__Exercise directions__
Print exactly the lines from the one containing "élevez votre style" through the last line of the entries below; the pictures stay out of the copy.

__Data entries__
****

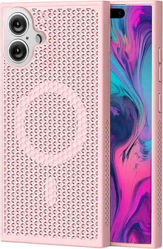 CCSmall for Apple iPhone 16 Plus Heat Dissipation Case with Magnetic Ring, Mesh Breathable Hollow Cellular Hole Slim Phone Case Cover for iPhone 16 Plus SR Pink
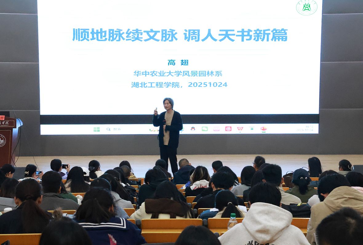 10月24日,华中农业大学二级教授、风景园林学博士生导师高翅教授受邀莅临我校,在座无虚席的报告厅内,为全校四百余名师生带来一场题为“顺地脉续文脉 调人天书新篇”的高水平学术报告。本次活动由科学技术处主办、建筑学院承办,学院副院长(牵头)陈必锋主持。
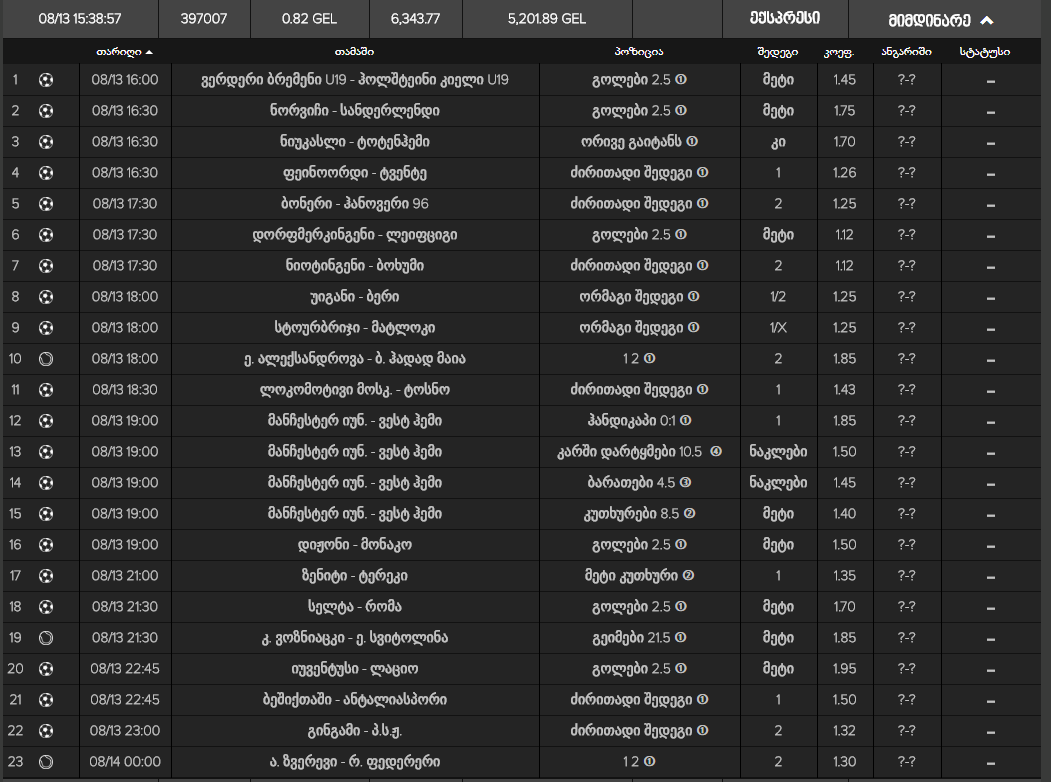 ყველა ფსონი მიღებულია
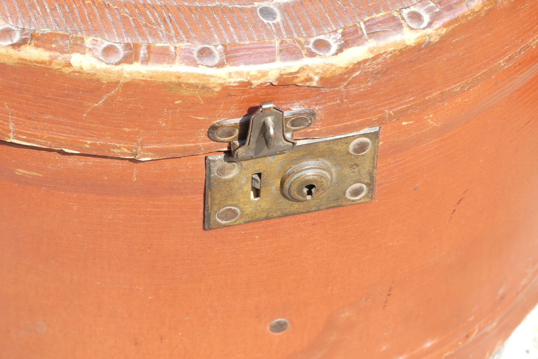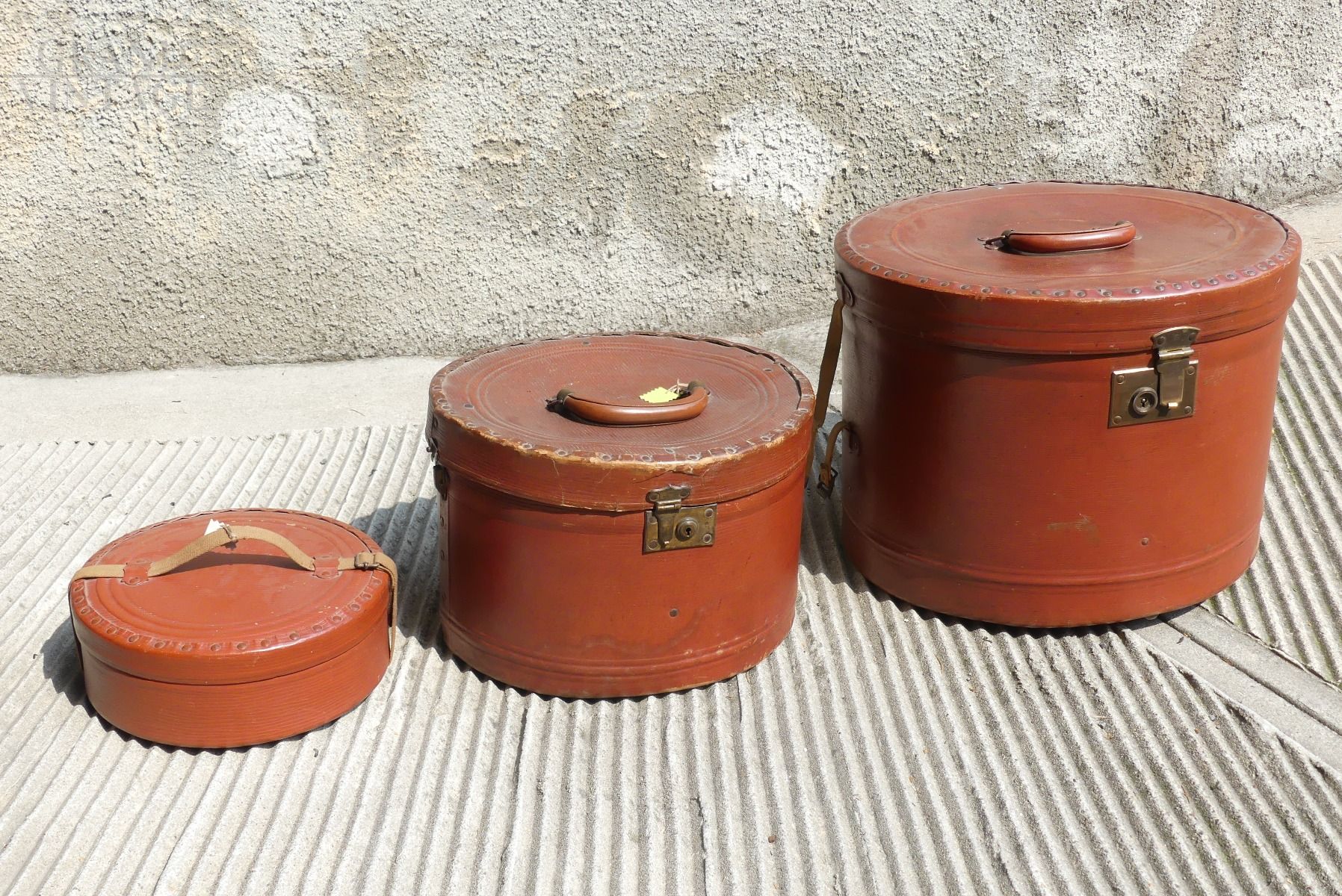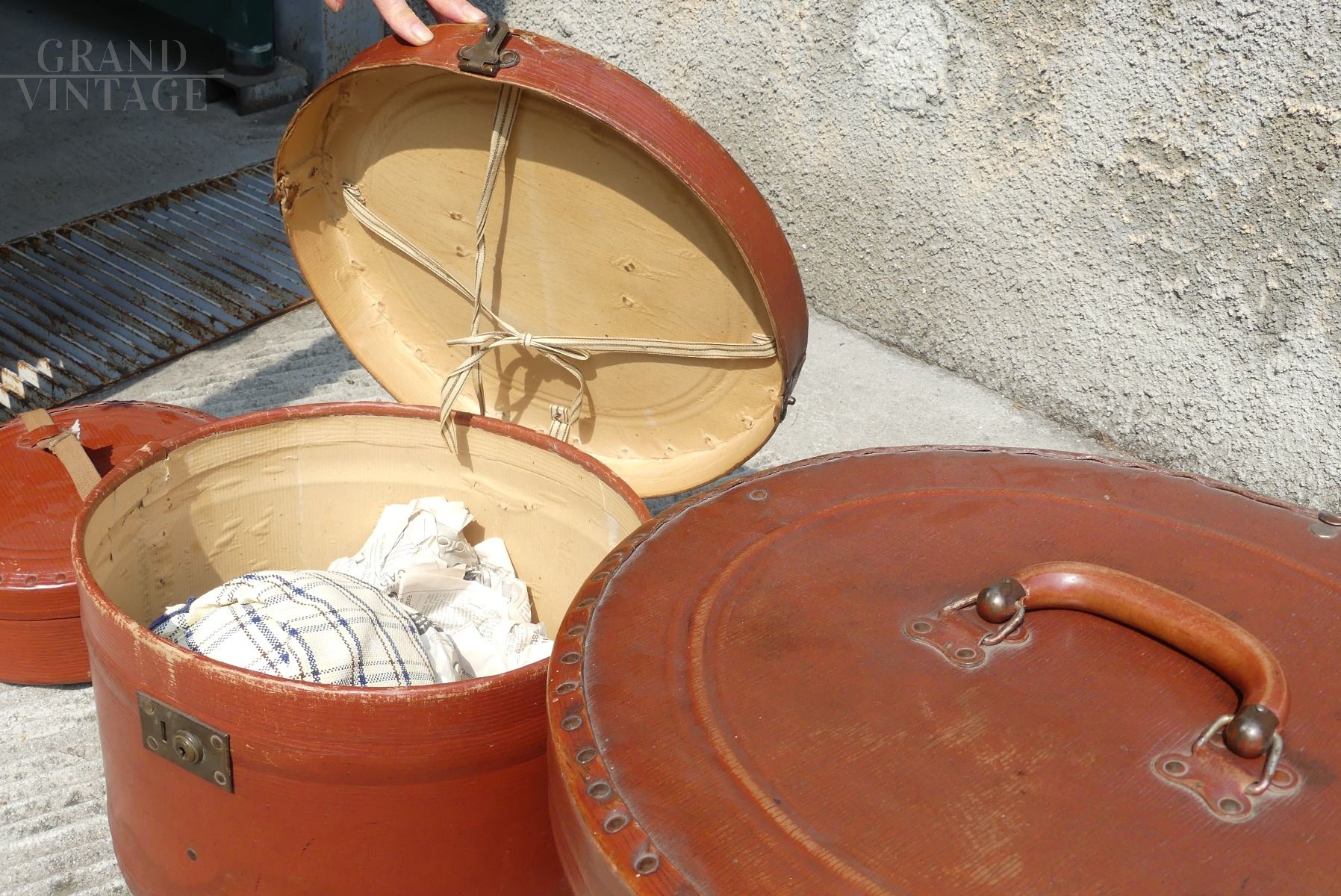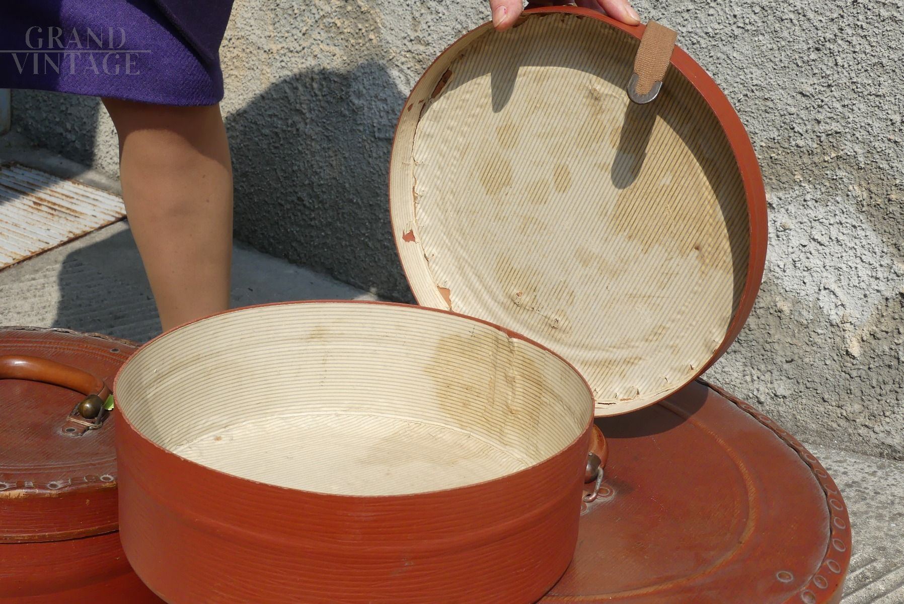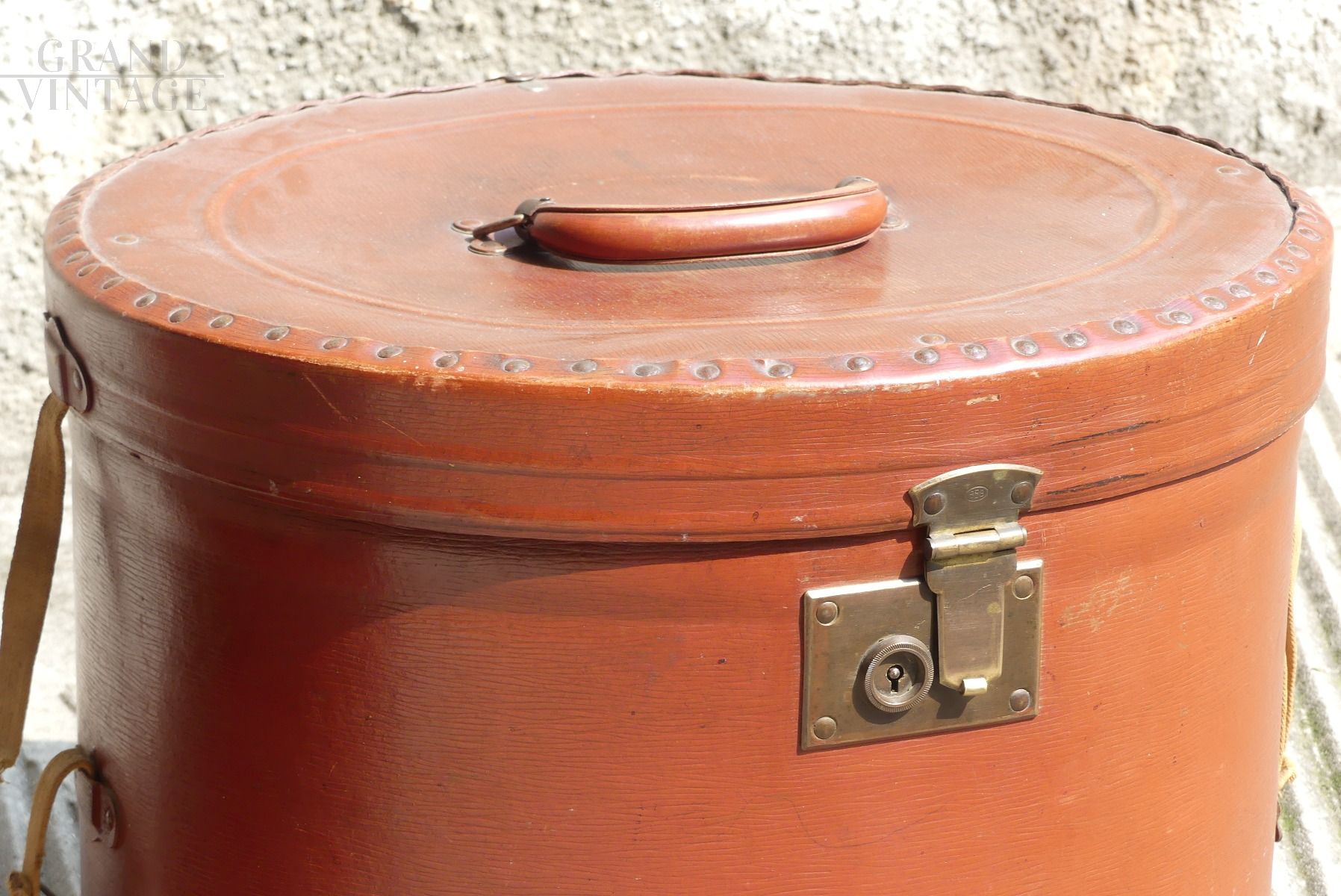 Cappelliera del 1930 in cartone pressato di origine Lombarda. E' un bel colore terra di Siena..
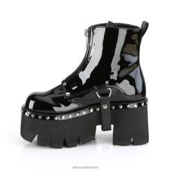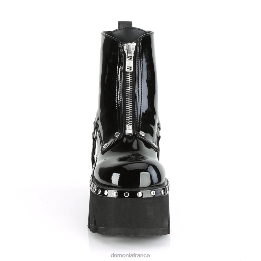 élevez votre style avec les cendres-100 bottine. Dotées d’un élégant talon épais de 3 1/2 pouces et d’une plateforme découpée, ces bottes sont conçues pour faire une déclaration. la fermeture éclair en métal sur le devant assure un ajustement sûr, tandis que les clous argentés sur la tige et les bordures autour du bas de la plateforme ajoutent une touche de rébellion. les anneaux en D avec sangle de harnais complètent le look, donnant à ces bottes un avantage supplémentaire. confectionné en cuir végétalien noir, le Ashes-100 offre à la fois style et durabilité dans un ensemble féroce.
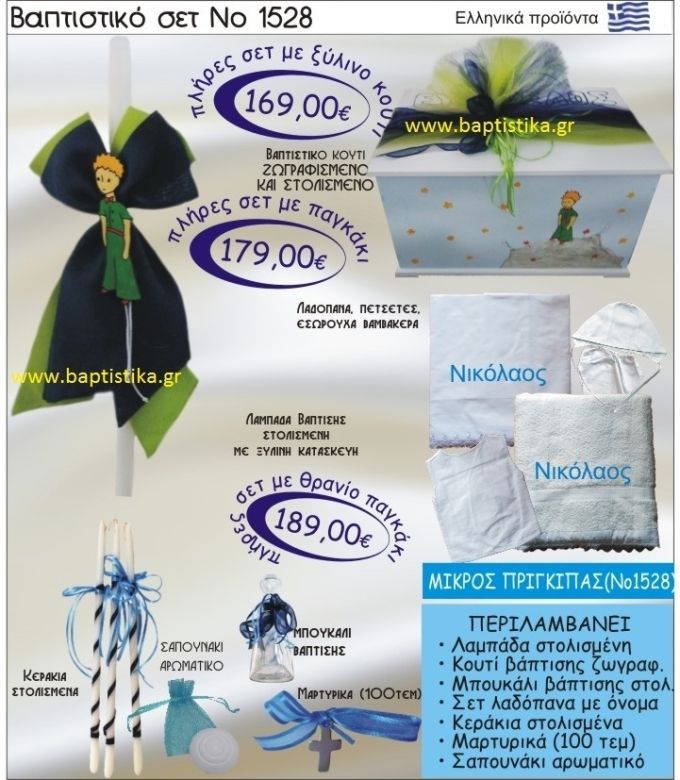 ", "category" : "βαπτιστικά σετ πακέτα βάπτισης για αγόρια", "sku": "9142", "offers": { "@type": "Offer", "priceCurrency": "EUR", "price": "179", "priceValidUntil": "2025-12-22", "url" : "https://www.vip-mpomponiera.gr/portal/proionta/thema-agori/prigkipes-mikroi-little-prince-bomponieres-vaptisis-stolismoi-ekklisias-vaptistika-paketa-dora-parti-maieftiriou/mikros-prigkipas-me-pagkaki-vaptistiko-set-paketo-no1528-detail", "itemCondition": "http://schema.org/NewCondition", "availability": "http://schema.org/InStock" } }Η ΤΙΜΗ ΠΕΡΙΛΑΜΒΑΝΕΙ ΦΠΑ,

****

__Solution to this task__
 élevez votre style avec les cendres-100 bottine. Dotées d’un élégant talon épais de 3 1/2 pouces et d’une plateforme découpée, ces bottes sont conçues pour faire une déclaration. la fermeture éclair en métal sur le devant assure un ajustement sûr, tandis que les clous argentés sur la tige et les bordures autour du bas de la plateforme ajoutent une touche de rébellion. les anneaux en D avec sangle de harnais complètent le look, donnant à ces bottes un avantage supplémentaire. confectionné en cuir végétalien noir, le Ashes-100 offre à la fois style et durabilité dans un ensemble féroce.
 ", "category" : "βαπτιστικά σετ πακέτα βάπτισης για αγόρια", "sku": "9142", "offers": { "@type": "Offer", "priceCurrency": "EUR", "price": "179", "priceValidUntil": "2025-12-22", "url" : "https://www.vip-mpomponiera.gr/portal/proionta/thema-agori/prigkipes-mikroi-little-prince-bomponieres-vaptisis-stolismoi-ekklisias-vaptistika-paketa-dora-parti-maieftiriou/mikros-prigkipas-me-pagkaki-vaptistiko-set-paketo-no1528-detail", "itemCondition": "http://schema.org/NewCondition", "availability": "http://schema.org/InStock" } }Η ΤΙΜΗ ΠΕΡΙΛΑΜΒΑΝΕΙ ΦΠΑ,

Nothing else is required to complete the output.